After “Happy Days,” Spencer went on to appear in “White Christmas,” and Keene turned in a highly regarded performance as Natalie in “Next to Normal.”
“She’s had a banner year, that’s for sure. Quite a talent,” Johnson said.
The bulk of the cast is made up of high school students or those recently out of high school, Johnson said. There are only three adult roles: Miss Lynch (Ryan Marie Patterson), Vince Fontaine (Jhon Goodwin) and the Teen Angel (Mark Pleasant).
Pleasant, who was Daddy Warbucks in “Annie” last year and Phil Davis in “White Christmas” this season, will make the most of his small part, Johnson said. He’ll be dressed to the hilt, with the fog machines going full blast.
“I think people will get a kick out of that. He only has the one featured number (“Beauty School Drop-Out”), but he’ll bring the house down with it.”
The biggest issue in staging “Grease,” Johnson said, is that four big songs from the movie aren’t included in the stage play, including, remarkably, the title song “Grease.” The other three movie songs? “Sandy,” the Oscar-nominated “Hopelessly Devoted to You” and the No. 1 single “You’re the One That I Want.”
So Civic wrote to request permission to use the songs in their production, and incorporated them into the show.

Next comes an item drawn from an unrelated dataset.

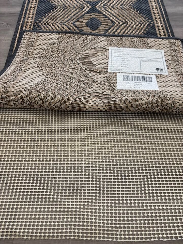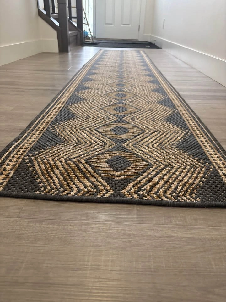 Modern geometric runner rug in great condition – perfect for hallway, entryway, or even outdoor use. Size: 2 ft x 10 ft. Colour: Dark grey with beige pattern. Durable flatweave (easy to clean). Indoor/outdoor use. Includes rug pad. Less than 1 year old – selling due to moving. Pick up Carrington NW.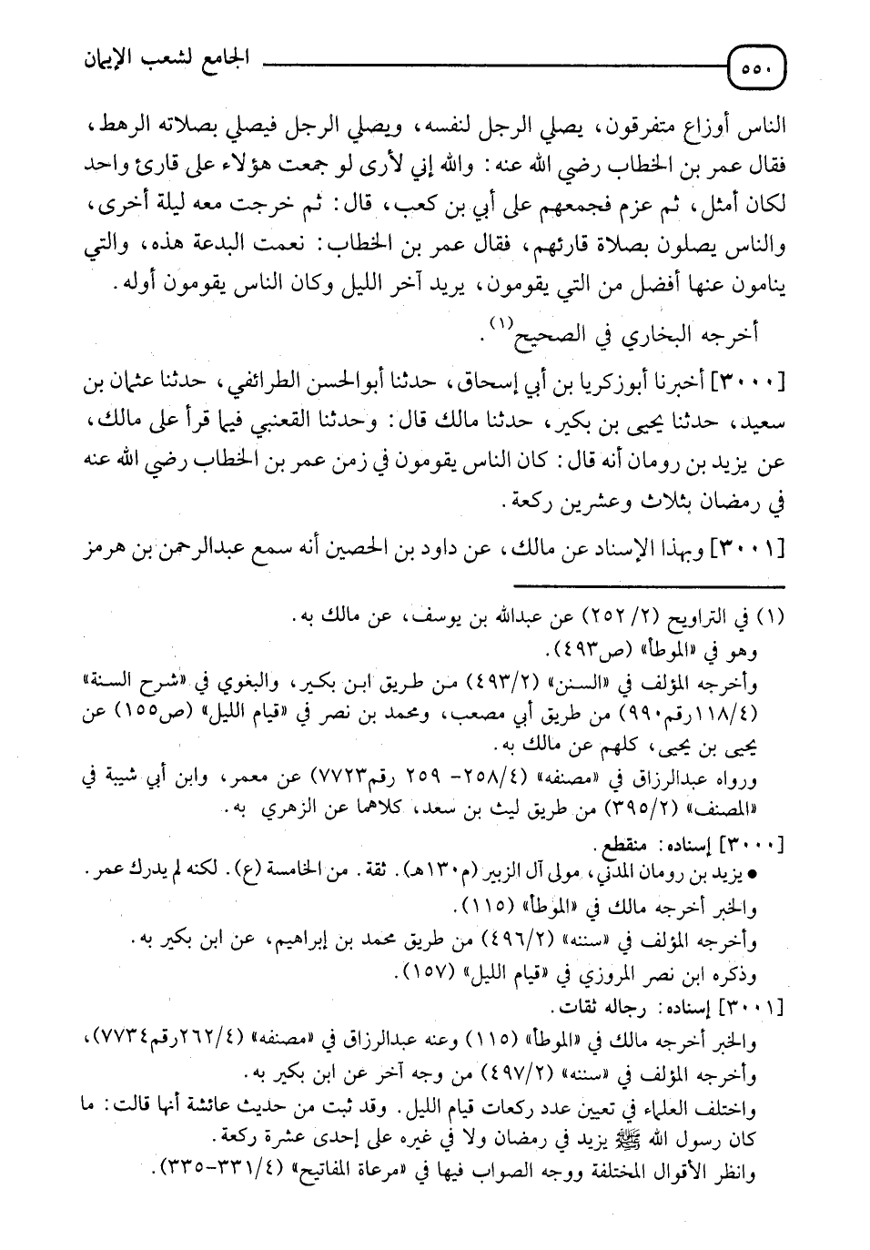 3000 - أَخْبَرَنَا أَبُو زَكَرِيَّا بْنُ أَبِي إِسْحَاقَ، حَدَّثَنَا أَبُو الْحَسَنِ الطَّرَائِفِيُّ، حَدَّثَنَا عُثْمَانُ بْنُ سَعِيدٍ، حَدَّثَنَا يَحْيَى بْنُ بُكَيْرٍ، حَدَّثَنَا مَالِكٌ، قَالَ: وحَدَّثَنَا الْقَعْنَبِيُّ، فِيمَا قَرَأَ عَلَى مَالِكٍ، عَنْ يَزِيدَ بْنِ رُومَانَ، أَنَّهُ قَالَ: " كَانَ النَّاسُ §يَقُومُونَ فِي زَمَنِ عُمَرَ بْنِ الْخَطَّابِ رَضِيَ اللهُ عَنْهُ فِي رَمَضَانَ بِثَلَاثٍ وَعِشْرِينَ رَكْعَةً "

“We had to pay a lot extra for those four songs,” she said. “But I think it will be worth it.”
The song “Grease,” a No. 1 hit for Frankie Valli, will be used to help set the scene, Johnson said. “There isn’t an overture that’s written for this show, so I’m using it as an overture to help set people back in the 1950s.”
With a show such as “Grease,” which is so widely known, there’s a delicate balancing act between keeping it fresh and meeting the audience’s expectations.
Part of keeping it fresh is the set, designed by Matthew Egan, Civic’s assistant technical director. Johnson said it’s intended to evoke a Wurlitzer jukebox. They’ve built their own car – the Greased Lightning – and will use slide projections of images to help set the mood.
“It’s the nostalgia of the time period,” Johnson said. “It’s important that we’ve represented that very well with the show.”